§ **Problem to work on**: Transcribe the listing below in full, exactly, with no images.

§ **Record excerpts**:
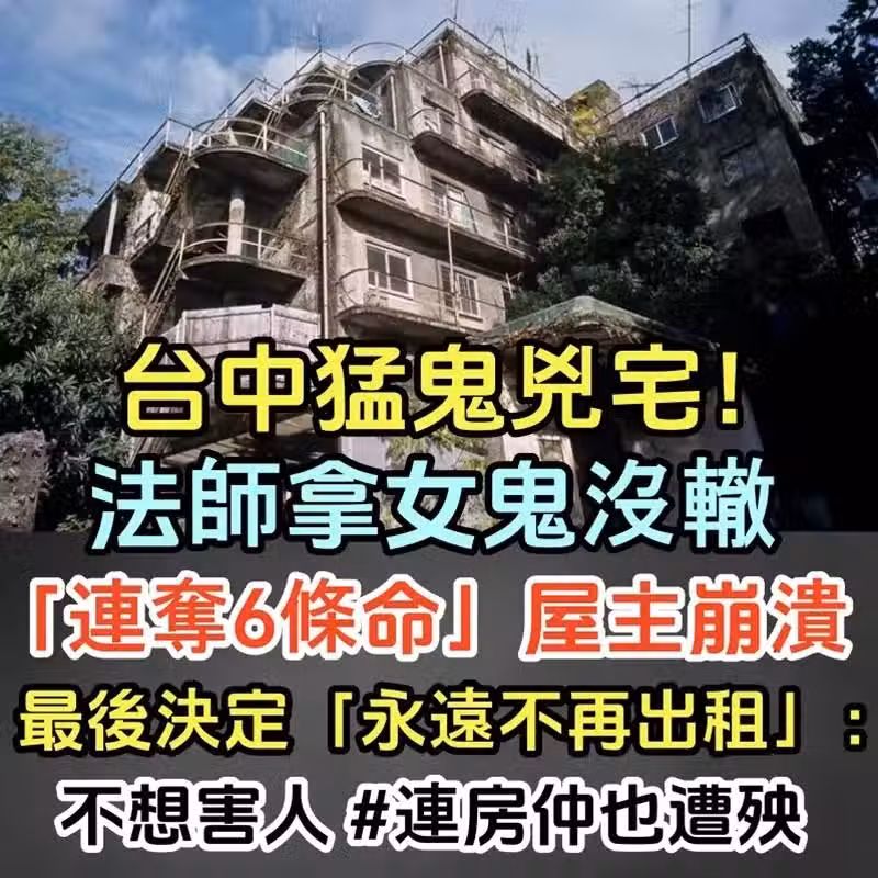 台中猛鬼凶宅!法師拿女鬼沒轍「連奪6條命」屋主崩潰,最後決定「永遠不再出租」:不想害人 #連房仲也遭殃
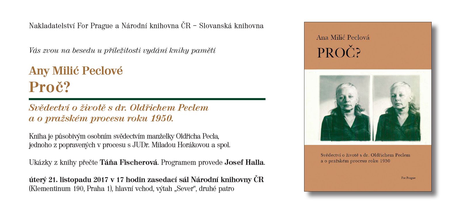 V úterý 21. listopadu bude ve spolupráci s Národní knihovnou v Zasedacím sále Klementina představena kniha pamětí Any Milić Peclové „Proč? Svědectví o životě s dr. Oldřichem Peclem a o pražském procesu roku 1950".
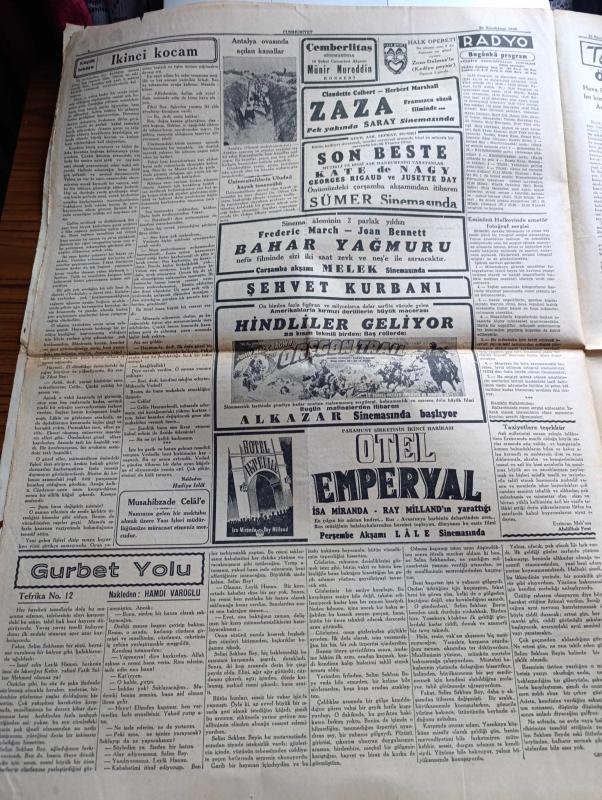 Cumhuriyet Gazetesi - 29 İkincikanun (Ocak) 1940 - Bitarafların İttifakı Yazan Yunus Nadi Başmakale - Milli Felaketimiz Karşısında İngiltere'nin Uzattığı Dost Eli - Balkan Antantı Konseyinin Toplanacağı Belgrad'dan Bir Manzara - İngiliz Askerleri Garp Cephesinde Radyo Dinliyorlar - Fenerbahçe Vefa Maçı Fotoğraf - Milli Şef İsmet İnönü'nün Memleket Seyahati - Roma imparatorluğunun Tarihi Hazineleri - Askerlik Bahisleri Yazan Abidin Daver - Maarif Vekili Hasan Ali Yücel Geliyor - Zaza Filmi Pek Yakında Saray Sinemasında - Hindliler Geliyor Alkazar Sinemasında - İsa Miranda Ray Milland'ın Yarattığı Otel Emperyal Perşembe Akşamı Lale Sinemasında - Hungarya 8 Şişli 1 - Beşiktaş 4 Süleymaniye 1 - Galatasaray 6 Topkapı 0 - Çocuk Köşesi - General Weygand Şerefine Verilen Ziyafet -- Burla Biraderler - Singer Saat - Milli Piyango - Dolmabahçe Stadyumu İnşaatı adlı eser, Kitap > Süreli Yayınlar > Gazeteler > Türkiye > Genel > Günlük kategorisinde İkinci El olarak satıştadır.
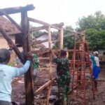Prajurit TNI dari Koramil 10/Dukuhseti Kodim 0718/Pati bersinergi bersama anggota Polsek serta elemen masyarakat lainnya melaksanakan karya bhakti pembersihan dan pembongkaran sisa
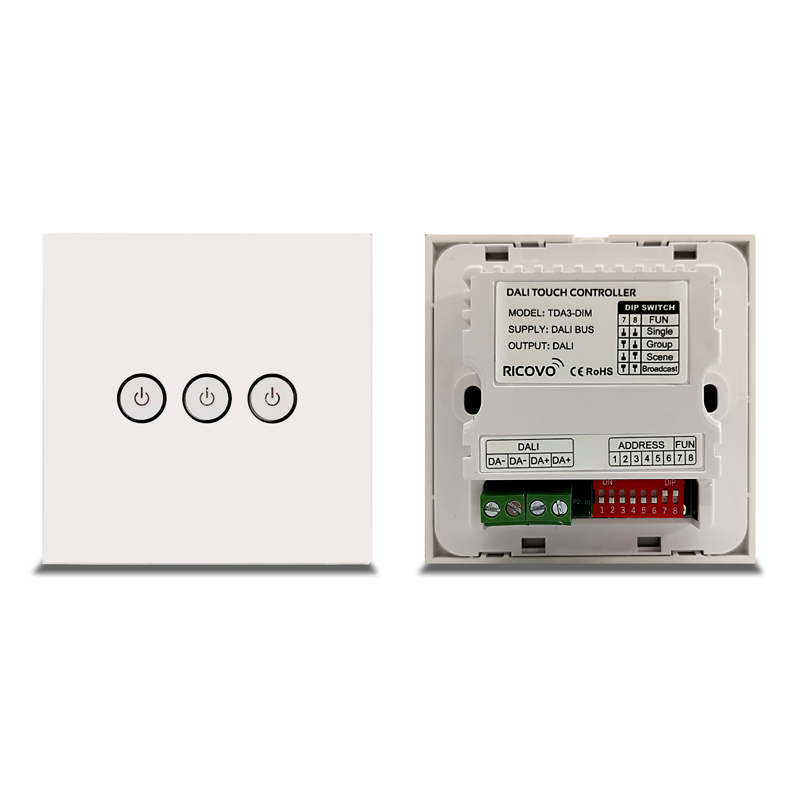 TDA3-CCT具有3路触摸按钮,在单地址控制模式、主控制模式和广播控制模式下,第一个触摸按键长按调暗或者调亮,第二个触摸按键短按开灯或者关灯,第三个触摸按键长按调更冷色温或者调更暖色温;在场景控制模式下,第一个触摸按键为拨码开关设定的地址n,第二个触摸按键为场景n+1,第三个触摸按键为场景n+2,若拨码开关设定的场景地址为15,则第二和第三个触摸按键分别为场景0和场景1,依次类推,短触摸触发场景。
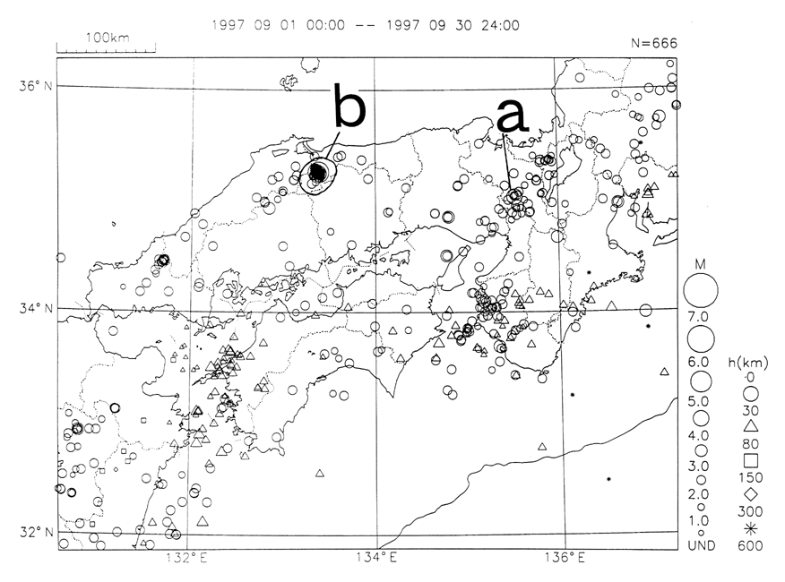 b)鳥取県西部で9/4にM5.2の地震が発生した[最大震度4]。余震活動は順調に減衰している。
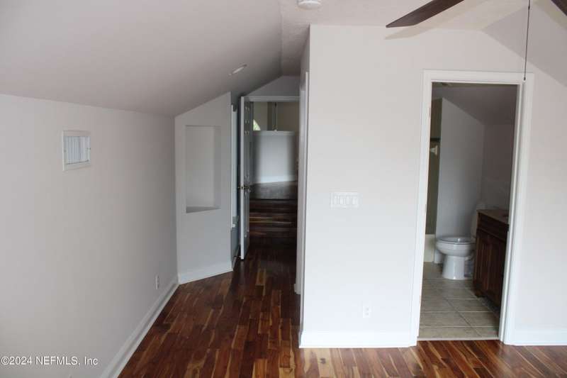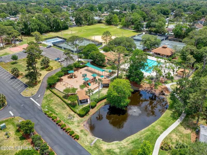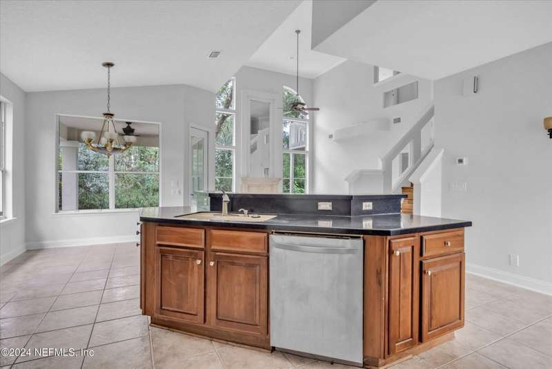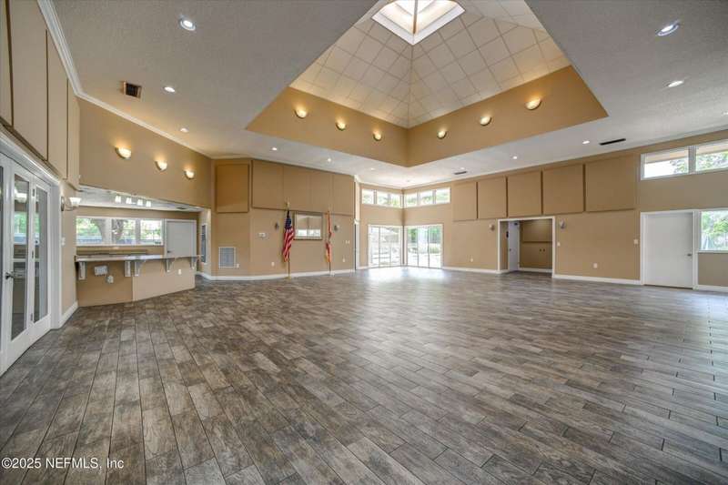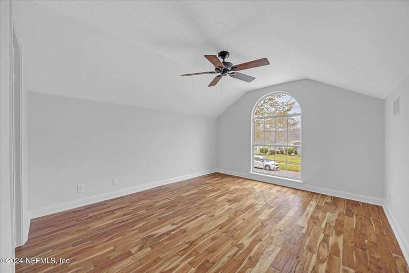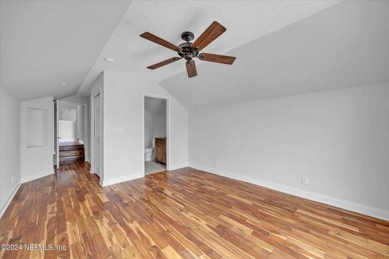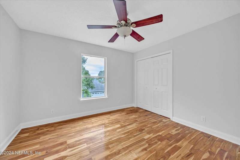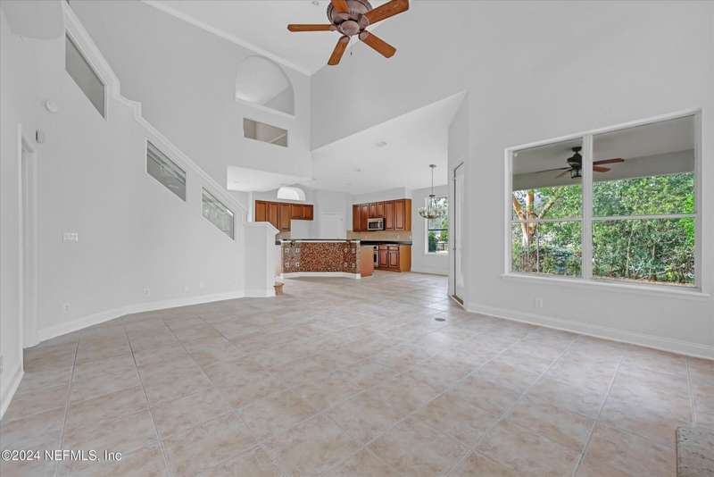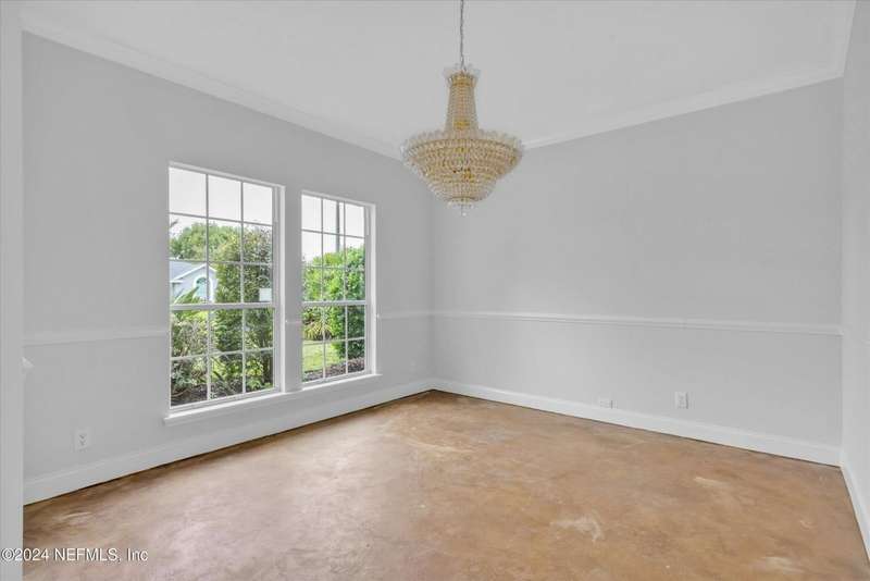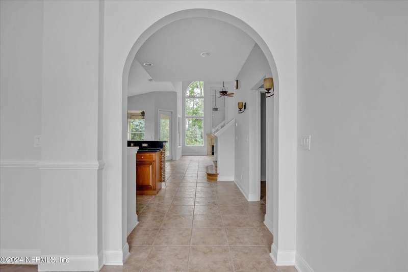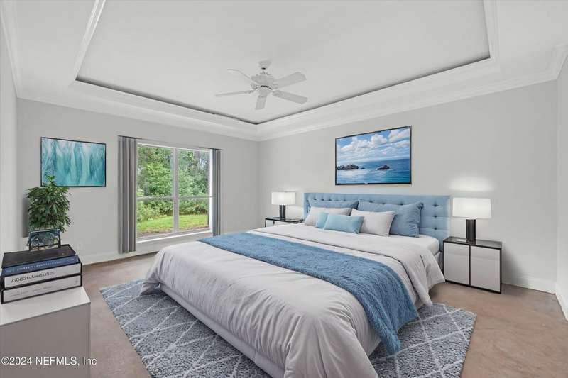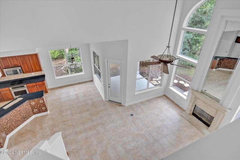 Favorite ''Savannah'' floor plan! Located in THE WOODS community w/pool, Tennis, sports fields and more! Bike and strolling on pathways that wind throughout the community, 1st class shopping is just out sides the Gates. 3 short miles to ocean & delightful beach villages. Home features sunny and bright living area w/ soaring ceiling. Dramatic Coquina Shell-2 story fireplace. Covered Patio overlooks woodsy, private back. 1st floor Primary Suite, Primary bath w/soaking tub and separate walk-in shower. Unique wood flooring through-out 2nd floor. Bedroom 2 has a large balcony, Bedroom 4th is spacious suite w/ private bath. In addition to the 4 bdrms, 5th room uses: den, play room, private guest room, office. Roof installed in 2021, New HVAC units August 2024. Oversized 2 car garage.
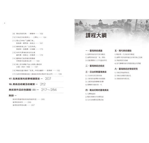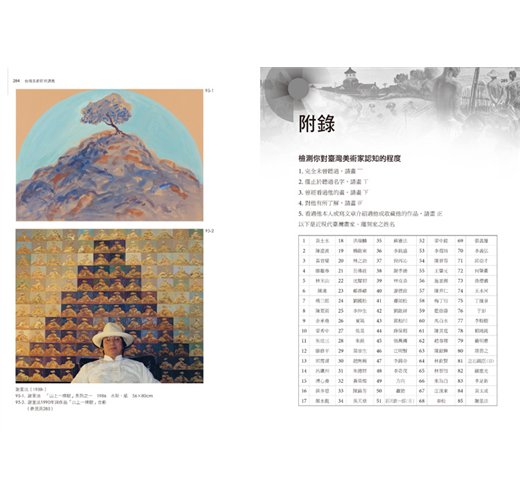 本書亦製作了圖版、內文藝術家姓名關鍵字索引,使讀者在閱讀時能直接將「圖」、「文」輕易連結、吸收且流暢。本書透過作者謝里法親身的美術經歷和其一貫幽默的敘事風格,將他於師大美術研究所的課堂講義加以融合、整析,其中更為了彰顯與讀者間的互動性,於最終章提出「臺灣美術問卷」,使讀者在閱讀時,彷彿如坐在課堂上與作者面對面討論一般生動。
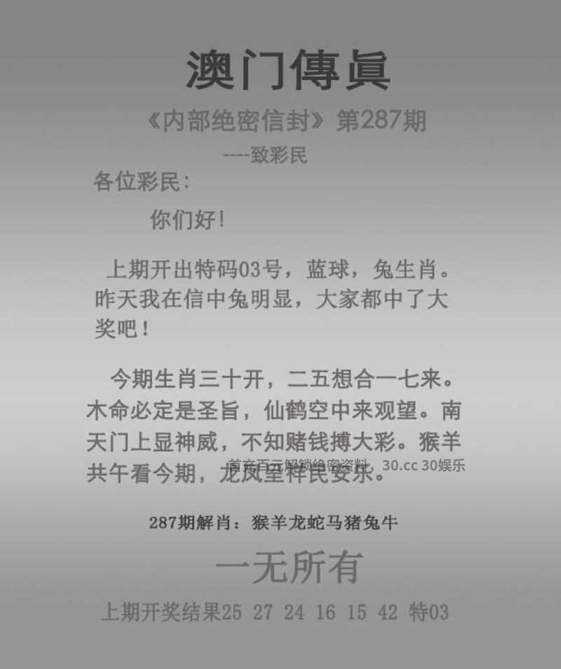 287期:三行中特【木水】开:猴34中

§ **Written solution**:
 台中猛鬼凶宅!法師拿女鬼沒轍「連奪6條命」屋主崩潰,最後決定「永遠不再出租」:不想害人 #連房仲也遭殃
 V úterý 21. listopadu bude ve spolupráci s Národní knihovnou v Zasedacím sále Klementina představena kniha pamětí Any Milić Peclové „Proč? Svědectví o životě s dr. Oldřichem Peclem a o pražském procesu roku 1950".
 Cumhuriyet Gazetesi - 29 İkincikanun (Ocak) 1940 - Bitarafların İttifakı Yazan Yunus Nadi Başmakale - Milli Felaketimiz Karşısında İngiltere'nin Uzattığı Dost Eli - Balkan Antantı Konseyinin Toplanacağı Belgrad'dan Bir Manzara - İngiliz Askerleri Garp Cephesinde Radyo Dinliyorlar - Fenerbahçe Vefa Maçı Fotoğraf - Milli Şef İsmet İnönü'nün Memleket Seyahati - Roma imparatorluğunun Tarihi Hazineleri - Askerlik Bahisleri Yazan Abidin Daver - Maarif Vekili Hasan Ali Yücel Geliyor - Zaza Filmi Pek Yakında Saray Sinemasında - Hindliler Geliyor Alkazar Sinemasında - İsa Miranda Ray Milland'ın Yarattığı Otel Emperyal Perşembe Akşamı Lale Sinemasında - Hungarya 8 Şişli 1 - Beşiktaş 4 Süleymaniye 1 - Galatasaray 6 Topkapı 0 - Çocuk Köşesi - General Weygand Şerefine Verilen Ziyafet -- Burla Biraderler - Singer Saat - Milli Piyango - Dolmabahçe Stadyumu İnşaatı adlı eser, Kitap > Süreli Yayınlar > Gazeteler > Türkiye > Genel > Günlük kategorisinde İkinci El olarak satıştadır.
Prajurit TNI dari Koramil 10/Dukuhseti Kodim 0718/Pati bersinergi bersama anggota Polsek serta elemen masyarakat lainnya melaksanakan karya bhakti pembersihan dan pembongkaran sisa
 TDA3-CCT具有3路触摸按钮,在单地址控制模式、主控制模式和广播控制模式下,第一个触摸按键长按调暗或者调亮,第二个触摸按键短按开灯或者关灯,第三个触摸按键长按调更冷色温或者调更暖色温;在场景控制模式下,第一个触摸按键为拨码开关设定的地址n,第二个触摸按键为场景n+1,第三个触摸按键为场景n+2,若拨码开关设定的场景地址为15,则第二和第三个触摸按键分别为场景0和场景1,依次类推,短触摸触发场景。
 b)鳥取県西部で9/4にM5.2の地震が発生した[最大震度4]。余震活動は順調に減衰している。
 Favorite ''Savannah'' floor plan! Located in THE WOODS community w/pool, Tennis, sports fields and more! Bike and strolling on pathways that wind throughout the community, 1st class shopping is just out sides the Gates. 3 short miles to ocean & delightful beach villages. Home features sunny and bright living area w/ soaring ceiling. Dramatic Coquina Shell-2 story fireplace. Covered Patio overlooks woodsy, private back. 1st floor Primary Suite, Primary bath w/soaking tub and separate walk-in shower. Unique wood flooring through-out 2nd floor. Bedroom 2 has a large balcony, Bedroom 4th is spacious suite w/ private bath. In addition to the 4 bdrms, 5th room uses: den, play room, private guest room, office. Roof installed in 2021, New HVAC units August 2024. Oversized 2 car garage.
 本書亦製作了圖版、內文藝術家姓名關鍵字索引,使讀者在閱讀時能直接將「圖」、「文」輕易連結、吸收且流暢。本書透過作者謝里法親身的美術經歷和其一貫幽默的敘事風格,將他於師大美術研究所的課堂講義加以融合、整析,其中更為了彰顯與讀者間的互動性,於最終章提出「臺灣美術問卷」,使讀者在閱讀時,彷彿如坐在課堂上與作者面對面討論一般生動。
 287期:三行中特【木水】开:猴34中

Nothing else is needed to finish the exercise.